Report Clears UN Chief of Corruption Allegations
Published on Wednesday, March 30, 2005 by the Boston Globe
Report Clears UN Chief of Corruption Allegations
But Annan is Faulted for Probe's Limitations
by Farah Stockman and Joe Lauria
 

UNITED NATIONS -- A UN-commissioned inquiry into allegations of corruption in the United Nations oil-for-food program found no evidence that Secretary General Kofi Annan used his political influence to help a company that employed his son win a $10 million-a-year contract in Iraq.

But the 90-page report criticized Annan for failing to fully investigate a potential conflict of interest concerning his son, Kojo Annan, and Cotecna the Swiss company that employed the younger man.

It also details far closer connections between Kofi Annan and Cotecna officials than have been disclosed previously, and raises unanswered questions about why Annan's ''chef de cabinet" directed that ''documents of potential relevance" to the investigation be shredded just one day after the Security Council established the independent inquiry.

The report reserves its harshest language for Kojo Annan, who, it says, used his political connections to explore oil contracts in Iraq and lied to investigators about hundreds of thousands of dollars in payments from Cotecna. The payments were made years after he told his father that he left the company.

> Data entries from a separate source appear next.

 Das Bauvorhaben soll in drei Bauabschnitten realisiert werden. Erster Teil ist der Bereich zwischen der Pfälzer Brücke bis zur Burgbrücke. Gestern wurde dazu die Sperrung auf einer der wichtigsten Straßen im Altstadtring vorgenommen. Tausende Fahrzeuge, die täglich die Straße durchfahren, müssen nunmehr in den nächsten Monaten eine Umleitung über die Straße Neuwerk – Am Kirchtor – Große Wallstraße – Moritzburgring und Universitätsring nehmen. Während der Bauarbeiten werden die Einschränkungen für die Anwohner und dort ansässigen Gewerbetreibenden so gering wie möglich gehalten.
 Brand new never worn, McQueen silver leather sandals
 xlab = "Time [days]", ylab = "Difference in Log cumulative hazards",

According to the report, Kojo Annan charged Cotecna thousands of dollars in consultant's fees for trips he made to see his own father, including one charge of $17,000 for a six-day trip to Abuja, Nigeria -- ''during my father's visit," according to the invoice -- and a 15-day trip to the UN General Assembly in September 1998, during which he stayed at his father's home.

Kojo Annan, who has refused to cooperate with the investigation in recent months, also arranged a 15-minute meeting in September 1998 between his father and Cotecna's owner, which Kofi Annan did not initially disclose to investigators.

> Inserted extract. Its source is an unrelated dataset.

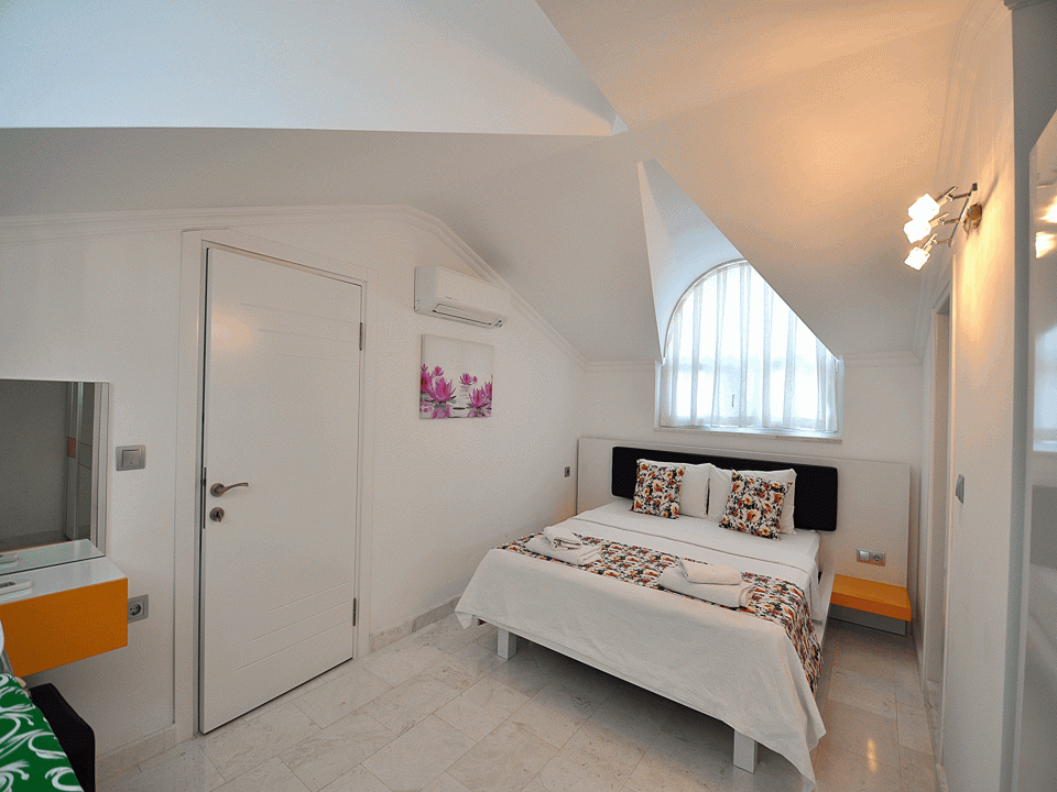 Detayları: Çift kişilikyatak, Komodin, Klima, Elbise dolabı, Makyaj masası, Banyo ve havuz cepheli çiftbalkon bulunmaktadır.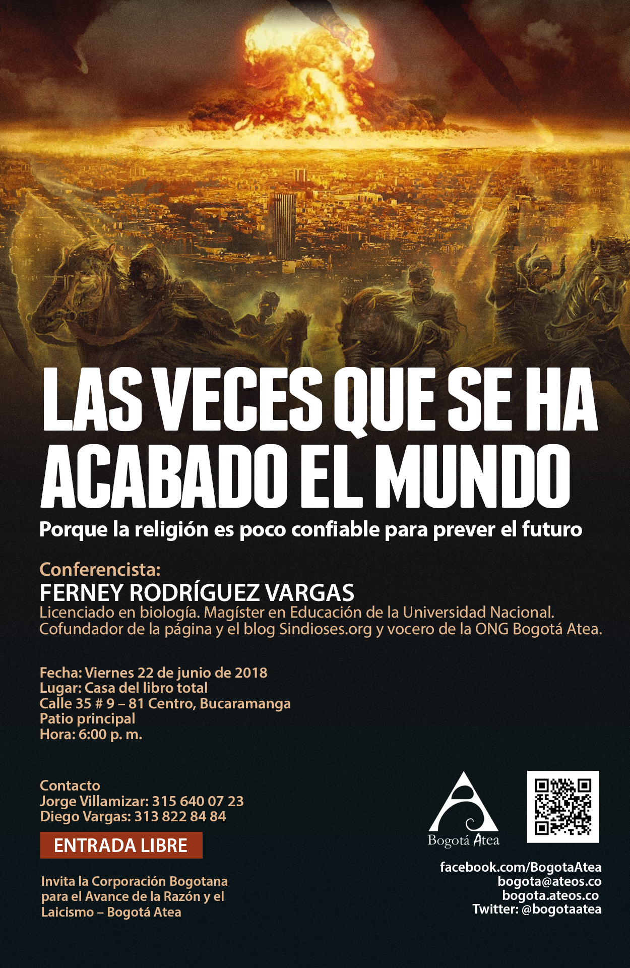 El 22 de junio del presente año, Ferney Rodríguez Vargas, vocero de la Corporación Bogotana para el Avance de la Razón y el Laicismo (Bogotá Atea) estará en Bucaramanga para dictar la conferencia “las veces que se ha acabado el mundo: porque la religión es poco confiable para prever el futuro”.

Annan has been under fire since a string of scandals came to light at the world body late last year, including allegations of sexual misconduct by UN peacekeepers. Yesterday, Annan told reporters that he was saddened by his son's role, but that his own ''exoneration by the independent inquiry obviously comes as a great relief."

When asked by a reporter if the embarrassing report might still prompt him to resign, Annan said, ''Hell, no."

But Senator Norm Coleman, a Minnesota Republican, renewed calls for Annan to step down.

''Kofi Annan is responsible for the failed management that resulted in the fraud and abuse of the oil-for-food program," Coleman said in a statement yesterday. ''His lack of leadership, combined with conflicts of interest and a lack of responsibility and accountability point to one, and only one, outcome: his resignation."

Yesterday's report is the second in a string of findings by former Federal Reserve chairman Paul Volcker into the oil-for-food program, set up during the era of sanctions against Saddam Hussein's Iraq to allow humanitarian goods into the country. The program was manipulated by Hussein to bribe foreigners and solicit kickbacks.

In December 1998, Cotecna was awarded a contract to inspect goods flowing into Iraq, despite widespread news reports of the company being under investigation for paying kickbacks to Pakistan's former leader Benazir Bhutto. Cotecna was the lowest bidder on the Iraq contract.

In 1995, Cotecna hired Annan's 22-year-old son, a recent college graduate, because it hoped to benefit from his political connections, the report states. Kojo Annan got the job shortly after his father spoke to Michael Wilson, a longtime family friend who was also a vice president of Cotecna, about the possibility of a job for Kojo.

In the initial stages of the inquiry, Kofi Annan told investigators that he had never met the owners of Cotecna until after the company received the contract. But after a review of computer records, investigators found that two previous meetings had taken place.

In February 1997, Annan had met Cotecna founder Elie Massey in Davos for cocktails, and on Sept. 18, 1998, they met again at his office in New York in a meeting arranged by Kojo. Both men say the Iraq contract was never discussed in either meeting.

The report details how Kojo Annan allegedly told his father about plans to explore an Iraq oil contract with a Lebanese business partner, and even introduced Annan to the partner at a meeting in South Africa. But Kofi Annan told investigators he didn't remember much about that talk with his son, and that he had always urged his children to stay away from United Nations contracts to avoid conflicts of interest.

The report also documented how Iqbal Riza, a top Annan aide, directed files to be shredded to make more office space shortly after the opening of the inquiry, even though Riza himself had directed others to preserve such files.